DATA SUPPLIED below:

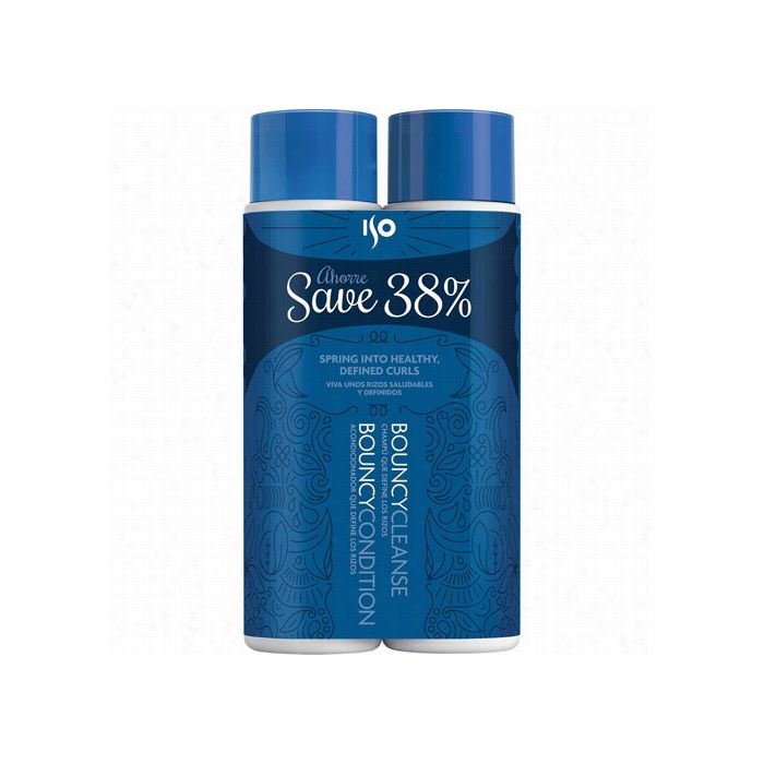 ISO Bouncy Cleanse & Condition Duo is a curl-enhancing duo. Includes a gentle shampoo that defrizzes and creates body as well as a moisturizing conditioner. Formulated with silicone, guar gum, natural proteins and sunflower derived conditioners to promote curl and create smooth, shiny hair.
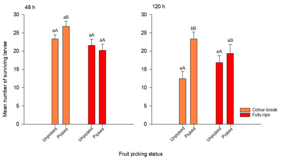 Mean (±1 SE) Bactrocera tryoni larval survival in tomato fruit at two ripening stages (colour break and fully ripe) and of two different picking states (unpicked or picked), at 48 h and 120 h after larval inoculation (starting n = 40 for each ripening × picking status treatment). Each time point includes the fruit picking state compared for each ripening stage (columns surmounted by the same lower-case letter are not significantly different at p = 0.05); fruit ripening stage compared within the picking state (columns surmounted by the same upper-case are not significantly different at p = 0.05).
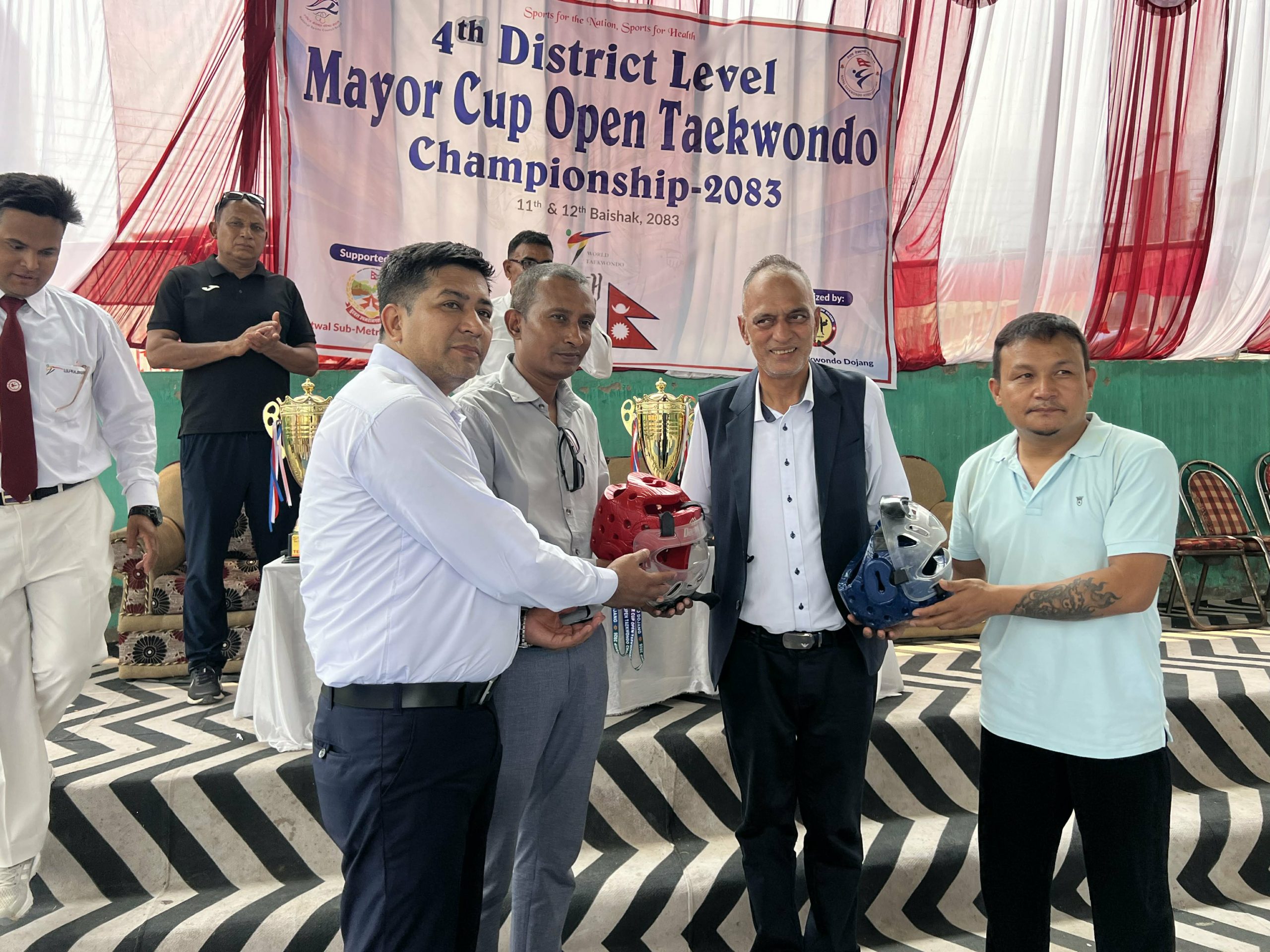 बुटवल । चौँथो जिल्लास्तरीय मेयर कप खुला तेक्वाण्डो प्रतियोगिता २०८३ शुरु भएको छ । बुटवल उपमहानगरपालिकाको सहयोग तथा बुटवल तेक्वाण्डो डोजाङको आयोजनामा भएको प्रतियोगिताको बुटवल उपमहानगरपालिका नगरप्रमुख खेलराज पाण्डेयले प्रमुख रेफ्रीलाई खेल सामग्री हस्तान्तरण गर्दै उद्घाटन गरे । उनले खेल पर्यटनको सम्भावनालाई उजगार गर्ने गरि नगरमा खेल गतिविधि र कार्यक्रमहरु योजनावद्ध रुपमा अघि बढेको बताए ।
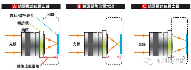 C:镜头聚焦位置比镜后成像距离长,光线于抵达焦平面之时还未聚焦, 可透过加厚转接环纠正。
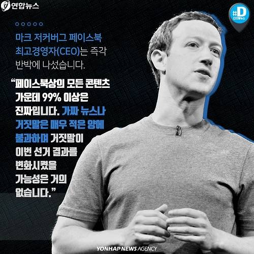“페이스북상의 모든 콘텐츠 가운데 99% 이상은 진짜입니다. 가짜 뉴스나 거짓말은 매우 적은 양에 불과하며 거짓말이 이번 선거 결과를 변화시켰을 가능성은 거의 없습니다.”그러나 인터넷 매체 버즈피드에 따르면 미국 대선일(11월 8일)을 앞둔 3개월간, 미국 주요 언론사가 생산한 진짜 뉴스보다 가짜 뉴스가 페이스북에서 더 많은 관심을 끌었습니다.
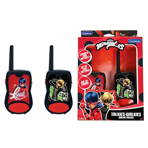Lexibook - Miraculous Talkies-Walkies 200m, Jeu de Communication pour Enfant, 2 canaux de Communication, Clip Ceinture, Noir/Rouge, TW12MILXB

End of DATA SUPPLIED.

WHAT TO PRODUCE - Your copy should hold exactly and only the lines from the one containing "많은 관심을 끌었습니다." through the end of the material, inclusive, repeated word for word and without pictures.

ANSWER SPACE -
“페이스북상의 모든 콘텐츠 가운데 99% 이상은 진짜입니다. 가짜 뉴스나 거짓말은 매우 적은 양에 불과하며 거짓말이 이번 선거 결과를 변화시켰을 가능성은 거의 없습니다.”그러나 인터넷 매체 버즈피드에 따르면 미국 대선일(11월 8일)을 앞둔 3개월간, 미국 주요 언론사가 생산한 진짜 뉴스보다 가짜 뉴스가 페이스북에서 더 많은 관심을 끌었습니다.
Lexibook - Miraculous Talkies-Walkies 200m, Jeu de Communication pour Enfant, 2 canaux de Communication, Clip Ceinture, Noir/Rouge, TW12MILXB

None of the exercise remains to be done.